Mark presents Jesus as the true king of the universe, but who enters a world held captive by a usurper. Jesus is Mark’s Aslan, coming to free Narnia from the power of the White Witch. Mark’s White Witch is Satan, the Strong Man, and his gospel is his version of the Great Battle between the two for control of the world. It is an eschatological battle – a battle in which the principal adversaries have had many, many skirmishes in the past, but must now face each other in final, deadly conflict. Jesus’ mission is the battle for the soul of the universe.

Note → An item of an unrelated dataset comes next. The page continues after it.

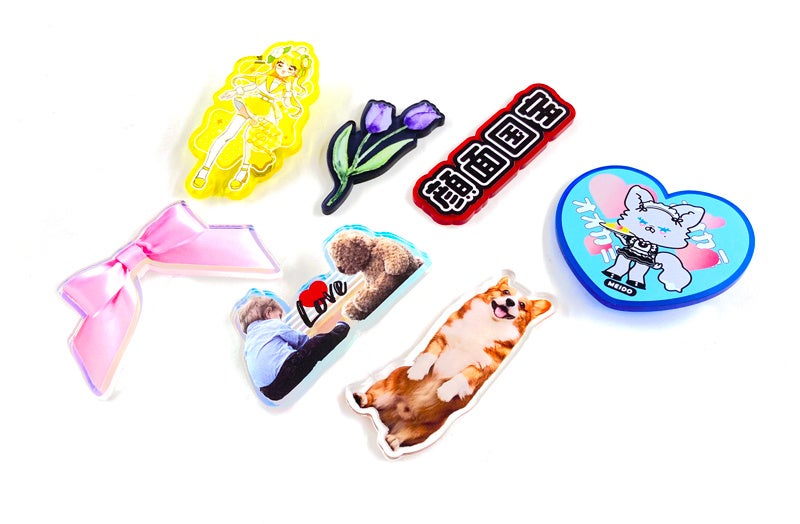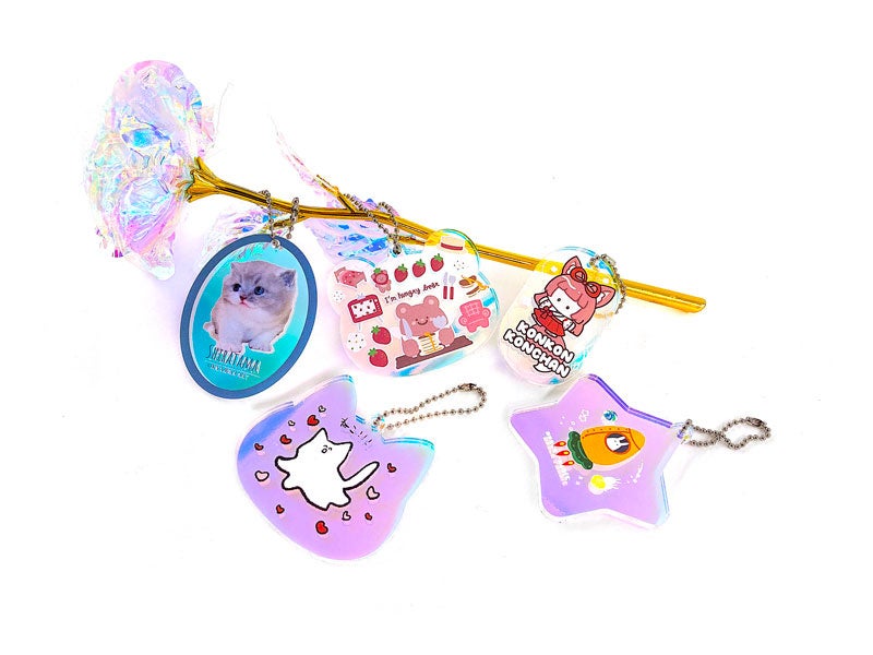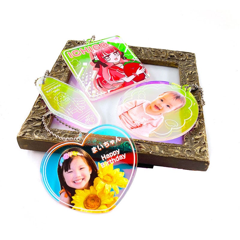 アクリルキーホルダーは、透明なアクリル板にデザインをプリントし、カット加工を施して仕上げる人気アイテム。推し活グッズや同人イベント、ショップ販促ノベルティ、記念品など幅広いシーンで活用されています。

For all the elements of cosmic drama, we must not mistake the gospel for a mythical, other-worldly tale of heavenly battles between good and evil. The action takes place in our world. It is not the “heavens” which are under threat, but this world which is at stake. This is Good News for our world – the world of human beings, politics, economics, military might, poverty, starvation, oppression, disease, natural disaster and alienation. The powers – both of the demons and the Holy Spirit – are powers at work within human beings. We are not slaves or pawns of the gods. Mark’s Jesus confronts us with our everyday choices and priorities. Mark discloses in Jesus’ person, message and ministry the new world in which human beings love God with heart, soul, mind and strength, and neighbour as self. This world need not be as it is. It is not godforsaken and we are not abandoned to misery and death. Rather, this world is to be transformed. We are not offered an escape from earth to heaven, but instead challenged with possibility of heaven on earth – the world as the arena where God’s will is done.
Mark the dramatist
Mark’s gospel is a pot-boiler. The action is intense, fast-paced and concentrated. From the first, we are hurried from incident to incident. The gospel unfolds like scenes from a thriller, or high drama. For all Mark’s poor Greek, he is no slouch when it comes to literary drama. He chooses his words with care and precision. He works his material to take his readers on a high-octane roller coaster of a ride. To be drawn into the gospel is to be drawn into the heart of conflict. We cannot remain passive spectators. We are called on to take sides and recognise the hard, fundamental and life-searching issues that are at stake. It isn’t only football that is about things far more serious than life or death – it is Jesus, too!